== DATASET EXCERPT ==

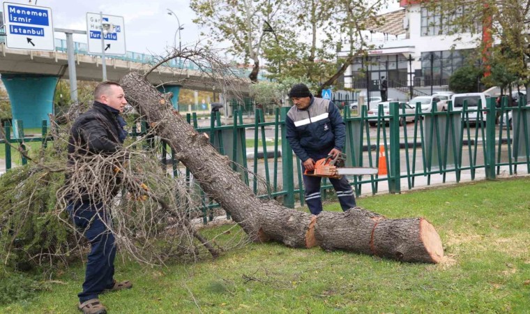 Manisa’nın Şehzadeler ilçesinde dün gece meydana gelen şiddetli rüzgar, birçok ağacın devrilmesine neden oldu. Şehzadeler Belediyesi Park ve Bahçeler Müdürlüğü ekipleri, olay yerine hızla müdahale ederek devrilen ağaçları kaldırdı.
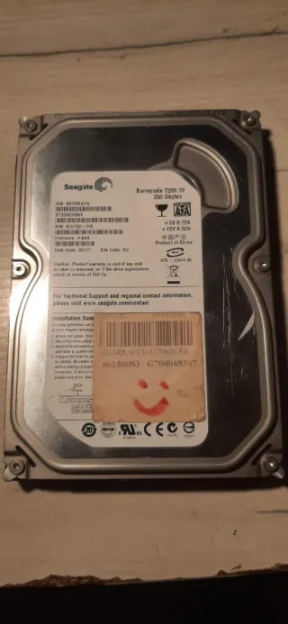 Disco duro interno Seagate Barracuda de 250GB. - Modelo: Barracuda 7200.10 - Capacidad: 250 Gbytes - Interfaz: SATA
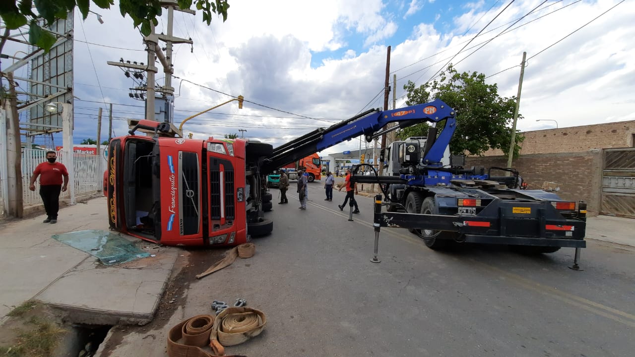 En una primera instancia, el camión se dirigía hoy jueves por la tarde por calle España de norte a sur y cuando el conductor intentó girar en calle Cabot, hacia el este, la velocidad y el radio de giro se complotaron para que el vehículo perdiera la estabilidad y finalmente terminara volcando.

== TASK DESCRIPTION ==
The whole listing above is to be printed exactly; the pictures stay out.

== ANSWER BELOW ==
 Manisa’nın Şehzadeler ilçesinde dün gece meydana gelen şiddetli rüzgar, birçok ağacın devrilmesine neden oldu. Şehzadeler Belediyesi Park ve Bahçeler Müdürlüğü ekipleri, olay yerine hızla müdahale ederek devrilen ağaçları kaldırdı.
 Disco duro interno Seagate Barracuda de 250GB. - Modelo: Barracuda 7200.10 - Capacidad: 250 Gbytes - Interfaz: SATA
 En una primera instancia, el camión se dirigía hoy jueves por la tarde por calle España de norte a sur y cuando el conductor intentó girar en calle Cabot, hacia el este, la velocidad y el radio de giro se complotaron para que el vehículo perdiera la estabilidad y finalmente terminara volcando.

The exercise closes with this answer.